Does anyone have anything to say about Maxxis detonators? or Bontrager road warrior select slick's?... are completely slick tyres slippy in the wet? 

thankings x


----------



## fossyant (22 Oct 2008)

Slick tyres make no difference in the wet, they actually are grippier. It's all down to the compound of the rubber. Bike tyres don't aquaplane !


----------



## mcb2080 (22 Oct 2008)

When I bought my Ridgeback Nemesis, they came with conti contact sports 26 x 1.5, my bike was very fast with these tyres on.

BUT I got a visit from the p fairy on my second outing

I rode them for about another two weeks and they where fine but I had lost confidence in them.

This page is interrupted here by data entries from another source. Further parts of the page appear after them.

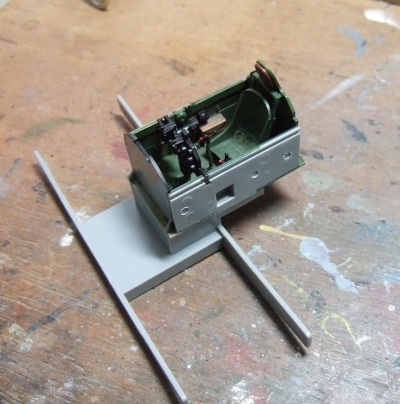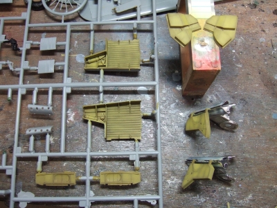 (写真9) 下地にカーキを塗った後に黄色のジンクロをぷーと吹く。この辺りもパーツ数の少なさに助けられとるね。ありがたいこっちゃ。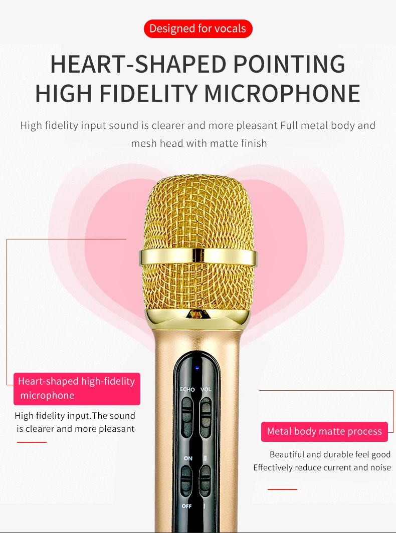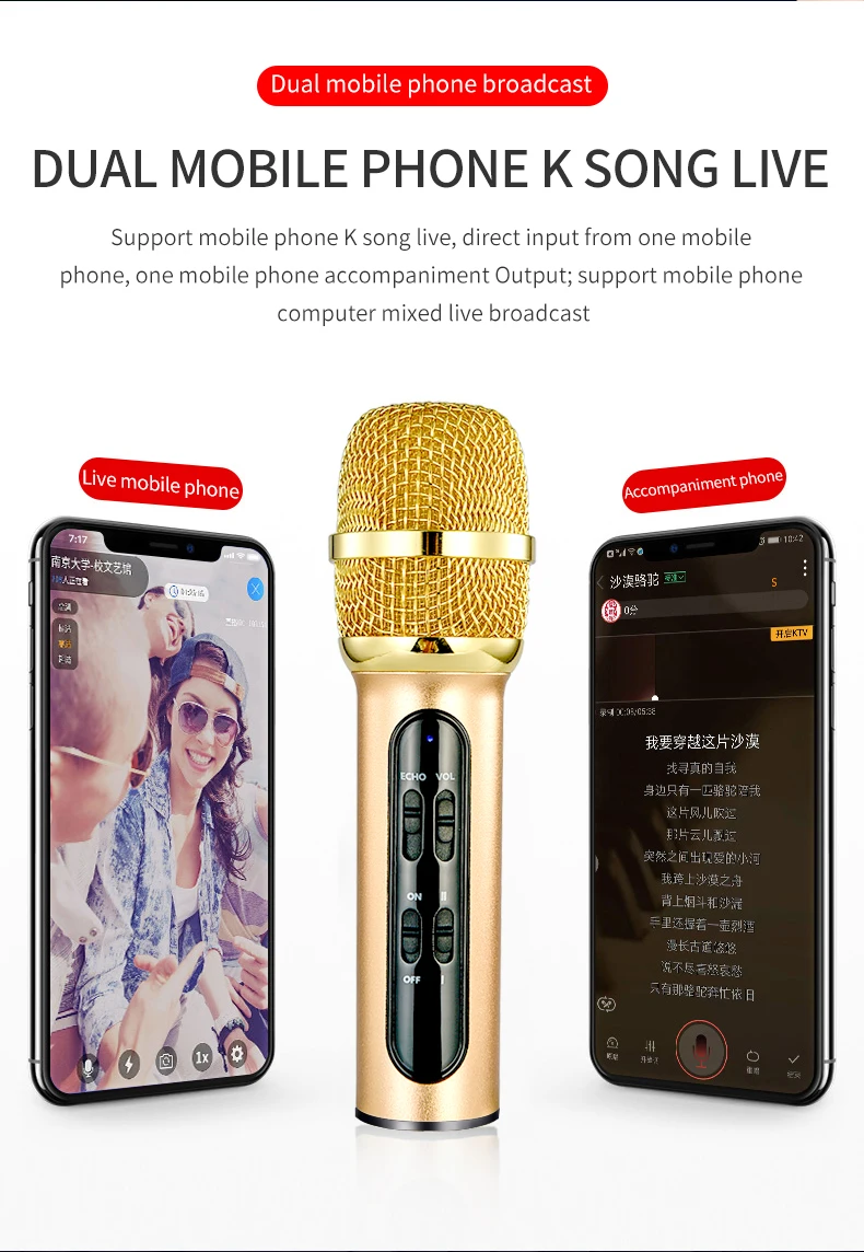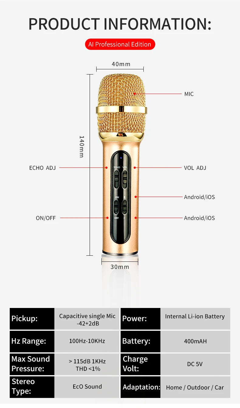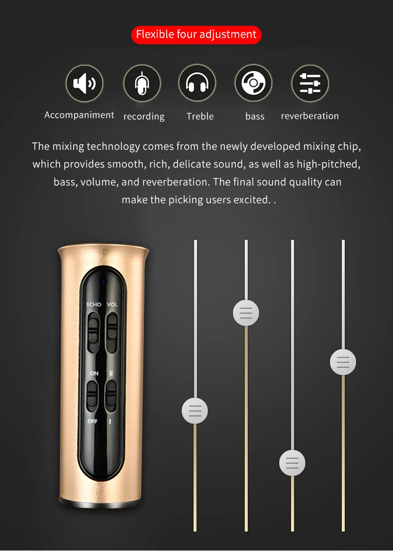* Com eco ajustar * Placa de Som incorporada, deixá-lo desfrutar de efeito KTV * soporte duplo gravação de teléfono móvil * modelo cardióide * terno para una maioria de cantar App, como smule * nenhum atraso do retorno do Fone de ouvido * COM batería de lítio, tempo de jogo Longo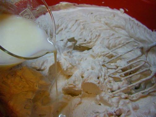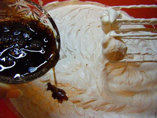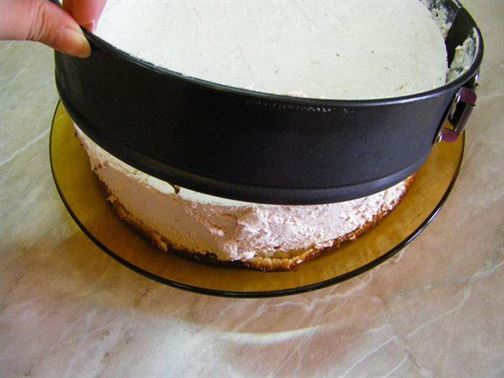ЗА БЛАТА РАЗБИВАТЕ ЯЙЦАТА СЪС ЗАХАРТА,ПРИБАВЯТЕ БРАШНОТО И ВЪРХУ НАМАЗАНА С МАЗНИНА ХАРТИЯ ЗА ПЕЧЕНЕ ИЗСИПВАТЕ СМЕСТА В ТАВИЧКА С ГОЛЕМИНА ОТ 26 СМ.ПЕЧЕТЕ НА 220 ГРАДУСА .ПРОВЕРЯВАТЕ С КЛЕЧКА ЗА ЗЪБИ ДАЛИ БЛАТА Е ГОТОВ.СЛЕД КАТО СЕ ОХЛАДИ СЕ ОТЛЕПВА ОТ ХАРТИЯТА И СЕ ПОСТАВЯ В ПОДХОДЯЩА ЧИНИЯ ЗА ТОРТА.СИРОПИРАТЕ С МАЛКО СИРОП ОТ КОМПОТ ПО ВАШ ИЗБОР.ЗА КРЕМА РАЗБИВАТЕ МАСЛОТО СЪС ЗАХАРТА,СЛЕД ТОВА ПРИБАВЯТЕ СМЕТАНАТА (СЪДА ТРЯБВА ДА БЪДЕ ДЪЛБОК И ГОЛЯМ,ЗАЩОТО СМЕТАНАТА УВЕЛИЧАВА ОБЕМА СИ ).РАЗБЪРКВАНЕТО ПРОДЪЛЖАВА ДО СГЪСТЯВАНЕ НА СМЕТАНАТА.ПРИБАВЯТЕ КАКАОТО,СЛАДКОТО И ОТНОВО РАЗБЪРКВАТЕ (КАКТО МОЖЕ ДА ВИДИТЕ ОТ СНИМКИТЕ "СТЪПКА ПО СТЪПКА").ОТДЕЛНО В ПРЯСНОТО МЛЯКО РАЗБЪРКВАТЕ ЖЕЛАТИНА И ГО РАЗТВАРЯТЕ НА ВОДНА БАНЯ.ОСТАВАТЕ ГО ДА СЕ ОХЛАДИ И ГО ПРИБАВЯТЕ ПОСТЕПЕННО КЪМ СМЕТАНАТА,КАТО БЪРКАТЕ НЕПРЕКЪСНАТО.ИЗПОЛЗВАТЕ РИНГА ОТ ТАВИЧКАТА В КОЯТО СТЕ ПЕКЛИ БЛАТА И ИЗСИПВАТЕ КРЕМА ВЪРХУ БЛАТА.ЗАГЛАЖДАТЕ ХУБАВО С ПОДХОДЯЩА ЛЪЖИЦА ИЛИ ШПАТУЛА И ОСТАВЯТЕ ТОРТАТА В ХЛАДИЛНИКА ЗА 4-5 ЧАСА ДА СЕ СТЕГНЕ (НАЙ-ДОБРЕ ЗА ЕДНА НОЩ ).СЛЕД ТОВА С ПОМОЩТА НА НОЖ ОТЛЕПВАТЕ ТОРТАТА ОТ РИНГА И ВНИМАТЕЛНО ГО МАХАТЕ.НАСТЪРГВАТЕ НА ЕДРО ШОКОЛАДА И УКРАСЯВАТЕ ТОРТАТА.СТАВА СТРАХОТНА НА ВКУС. ПРОБВАЙТЕ И СПОДЕЛЕТЕ. ДА ВИ Е СЛАДКО.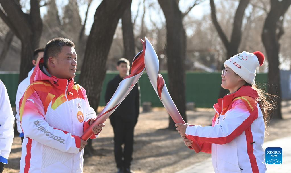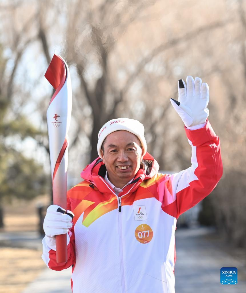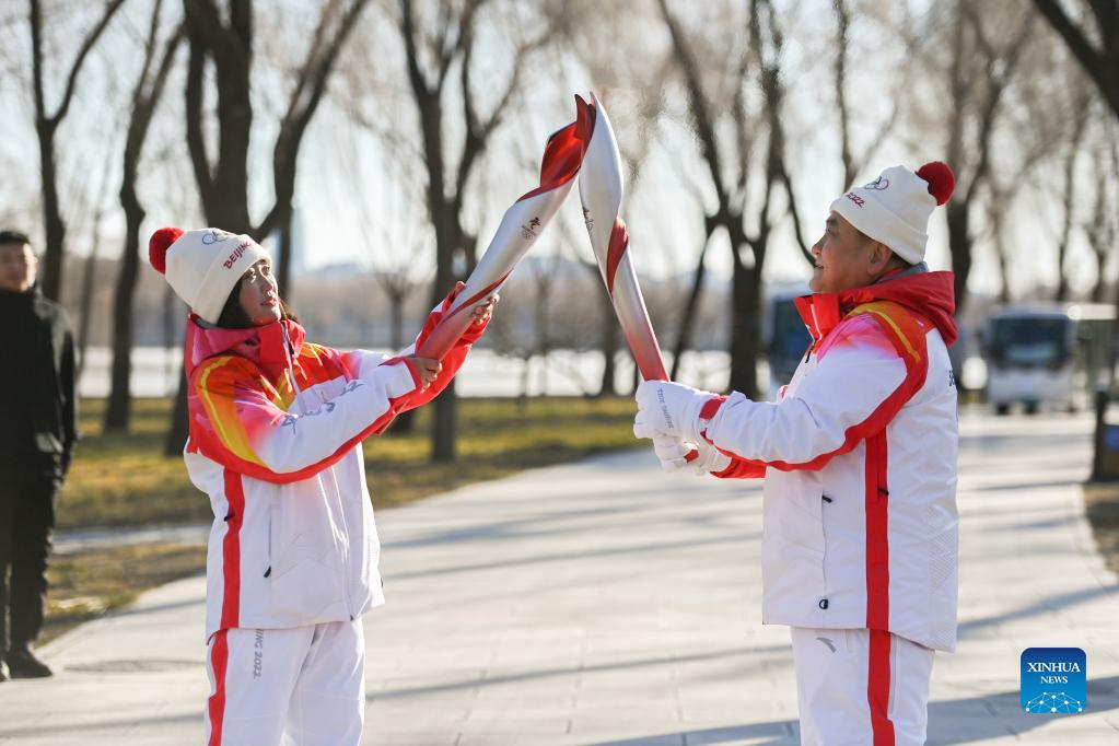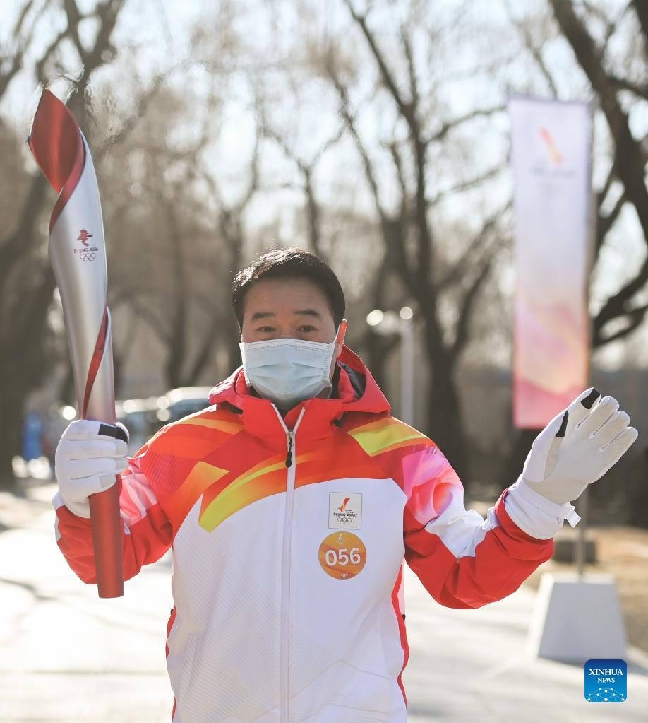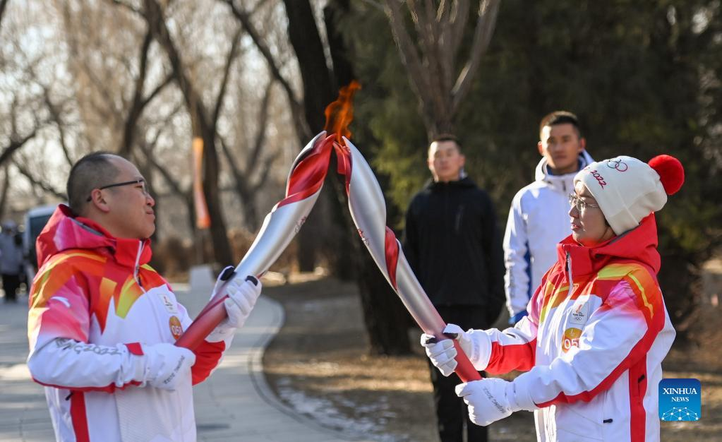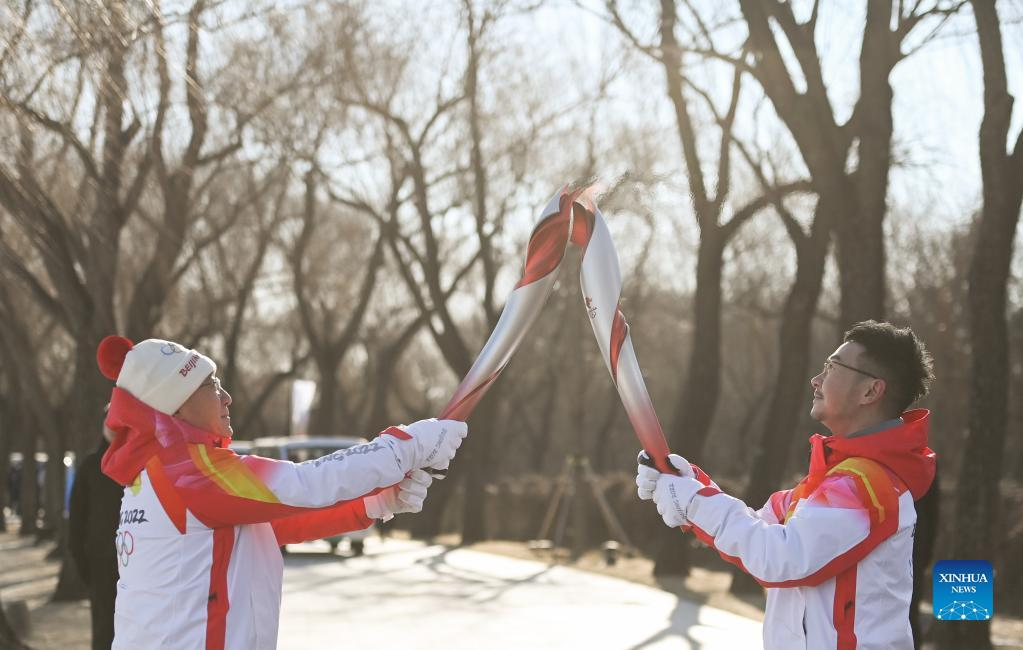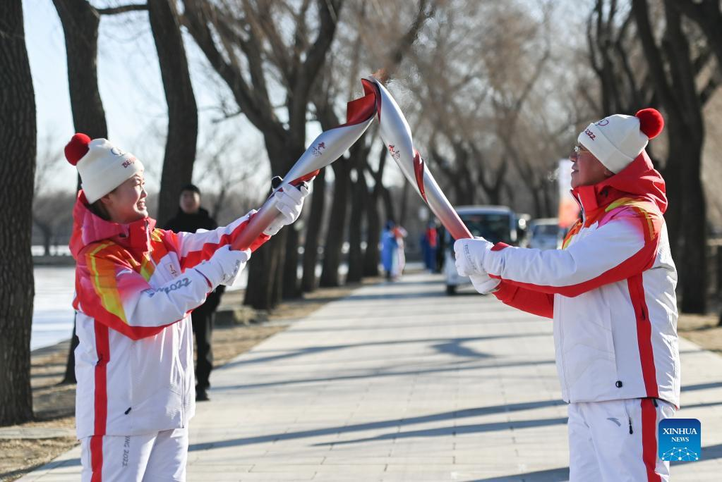 Torch bearer Liu Kejing (R front) and Liu Xiaochang attend the Beijing 2022 Olympic Torch Relay at Summer Palace in Beijing, capital of China, Feb. 4, 2022. (Xinhua/Chen Yehua)

I moved to schwalbe marathon plus 26 x 1.75 and they have been great, I have done about 1000 miles so far BUT they are slower than the contis, not by much but they are slower.

I am thinking of going for schwalbe marathon supremes as they claim to be very fast but still offer as good punture protection as the smp's.

HTH's


----------



## rnscotch (22 Oct 2008)

I am currently using Conti City Contacts 26 x1.75, they are fast not had to many problems. I think i have had 3 punctures all big shards of glass and i have also found they are quite grippy.


----------



## BentMikey (22 Oct 2008)

I'm with Fossy, I like race tyres on my bikes because they handle well and are super light and grippy. Schwalbe Stelvios 28-406 on the 'bent, and Conti GP4000 23-622 on the Langster.

If you don't ride in the gutter, and don't ride in cycle paths/lanes, then you won't have too much problem with unplanned defl**tion events.


----------